The problem ->
The expected result is an exact copy of the lines from the one holding "今でこそ日常菓子として楽しめ" to the last line of the material, with pictures removed and nothing added.

Source material ->
|---|

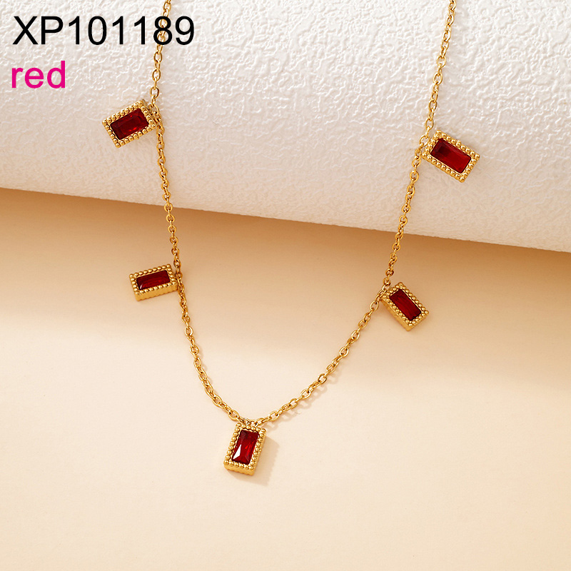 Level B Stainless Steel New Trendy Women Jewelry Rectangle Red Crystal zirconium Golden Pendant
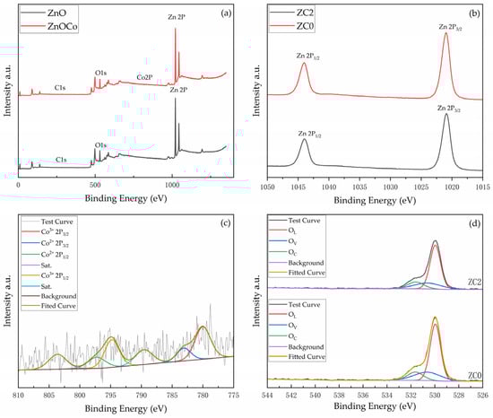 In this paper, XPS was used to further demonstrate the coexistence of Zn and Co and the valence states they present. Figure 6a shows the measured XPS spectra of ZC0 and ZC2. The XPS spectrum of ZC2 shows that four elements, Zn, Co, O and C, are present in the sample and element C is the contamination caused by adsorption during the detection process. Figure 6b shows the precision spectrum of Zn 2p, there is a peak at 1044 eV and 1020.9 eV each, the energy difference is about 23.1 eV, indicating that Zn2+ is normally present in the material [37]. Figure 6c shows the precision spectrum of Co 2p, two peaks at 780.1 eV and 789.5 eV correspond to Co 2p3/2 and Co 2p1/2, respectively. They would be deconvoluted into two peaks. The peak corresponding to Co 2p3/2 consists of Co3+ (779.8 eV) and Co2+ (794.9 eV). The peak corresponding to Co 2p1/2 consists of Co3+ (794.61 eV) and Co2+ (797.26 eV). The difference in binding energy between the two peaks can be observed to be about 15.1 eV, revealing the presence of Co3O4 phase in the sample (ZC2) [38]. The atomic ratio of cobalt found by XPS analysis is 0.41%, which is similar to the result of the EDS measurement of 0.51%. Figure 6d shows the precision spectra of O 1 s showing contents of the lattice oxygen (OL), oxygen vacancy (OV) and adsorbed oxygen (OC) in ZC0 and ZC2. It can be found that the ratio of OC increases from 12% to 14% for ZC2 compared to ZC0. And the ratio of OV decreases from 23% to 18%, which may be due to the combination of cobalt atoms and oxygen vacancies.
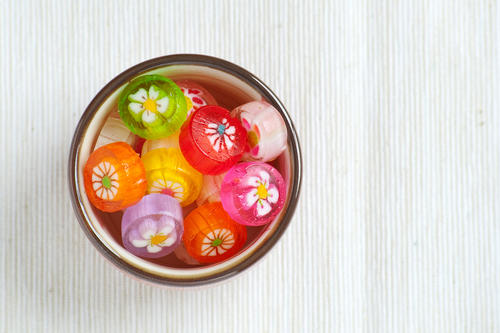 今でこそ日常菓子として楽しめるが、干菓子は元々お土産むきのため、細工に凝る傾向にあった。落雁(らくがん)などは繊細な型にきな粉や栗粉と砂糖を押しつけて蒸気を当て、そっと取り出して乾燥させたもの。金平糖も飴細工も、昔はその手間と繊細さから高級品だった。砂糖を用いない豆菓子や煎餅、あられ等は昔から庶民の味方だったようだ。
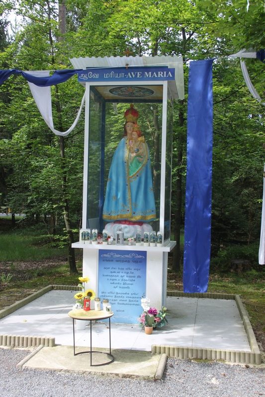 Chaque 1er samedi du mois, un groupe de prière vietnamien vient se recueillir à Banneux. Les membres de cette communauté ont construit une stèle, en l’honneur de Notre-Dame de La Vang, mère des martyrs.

|---|

The answer ->
 今でこそ日常菓子として楽しめるが、干菓子は元々お土産むきのため、細工に凝る傾向にあった。落雁(らくがん)などは繊細な型にきな粉や栗粉と砂糖を押しつけて蒸気を当て、そっと取り出して乾燥させたもの。金平糖も飴細工も、昔はその手間と繊細さから高級品だった。砂糖を用いない豆菓子や煎餅、あられ等は昔から庶民の味方だったようだ。
 Chaque 1er samedi du mois, un groupe de prière vietnamien vient se recueillir à Banneux. Les membres de cette communauté ont construit une stèle, en l’honneur de Notre-Dame de La Vang, mère des martyrs.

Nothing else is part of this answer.